Regardless of the circumstances, I have never spoken to a birth parent who didn’t in some way think about the child they gave up. Even if they come not to regret their decision, and most do believe it was ultimately the right choice, they remember what happened.
“You have to remember, it was 1973. Our world was changing and there was a lot of the old guard who still believed that unwed mothers were garbage. And I was treated like garbage by the women I worked with, by the nurses at the hospital, and by the doctors. I was left in the hallway screaming in pain. And when the nurse came out, she unceremoniously spread my knees, looked in, and said, “You’re not ready. We’ll come back when you are.” And I remember screaming. And she said, “This is what you get for being an unwed tramp. I’m going back in there with this proper married woman and take care of her.” That was burned into my brain. So, when that baby girl was taken from my arms, I don’t remember anything. I just remember being numb. I was numb for months.” ~ Ellen
“It was like closing the book, but the memories are still there. You don’t forget the birthdays and the “this year he would be in kindergarten, and then first grade.” You don’t forget about those, but I felt like I have to go on with life. I always knew I did the right thing because I gave somebody else life that couldn’t have life. So, I didn’t sit back and beat myself. But the thoughts of those birthdays, or I wonder what he got for Christmas. Those thoughts always came up.” ~Ann
That night after dinner at my parents’ home, like always, we sat in the TV room, and I walked in and just stood there. I said to my father, “I’ve got something to tell you.” He let me tell him the story of Candace and that she was pregnant. They were just the kind of parents you’d want because they simply said, “is there anything we can do?” We had only dated a few months and had broken up several months before I learned she was pregnant. But she and her mother had decided they wanted to have the baby and give it up for adoption.

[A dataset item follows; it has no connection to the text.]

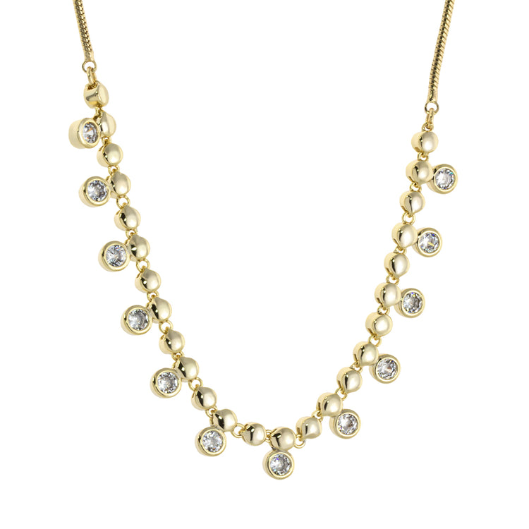 Ένα μοντέρνο γυναικείο κολιέ, κατασκευασμένο από μέταλλο σε κίτρινο χρωματισμό με στοιχεία και ζιργκόν.

A lawyer was hired, and they took over. After that agreement had been reached, I was told not to reach out to her. And I don’t know if that was the attorneys talking or Candy saying she didn’t want to hear from me. I didn’t even know if I’d had a boy or a girl. ~Mel
The Challenges of our Time
As our country now dismantles Roe v. Wade and nationwide access to abortion, one thing stands out. How we as a society will treat our unplanned for children will say a lot about us. All of us. We are embarking on a gigantic social experiment now in the United States, and we are all watching to see how these changes will impact our society. Rescuing at-risk children will be needed indefinitely. Sadly, there will always be parents who cannot, or should not, raise children – anyone’s children.
What is clear to me, and maybe some of you, is that all regulations and laws on adoption need to be evaluated with the greatest care. Lives are at stake. And we should be asking ourselves – are we ready? Are our safety networks, social services, and the state of our modern adoption practices up for the task ahead?
Listening to and validating the voices of this often unheard-from triad is the mission behind this work – to tell stories from each of their inspirational, hard, sad, triumphant, troubled, and grateful voices – in their words. I hope you’ll hear them.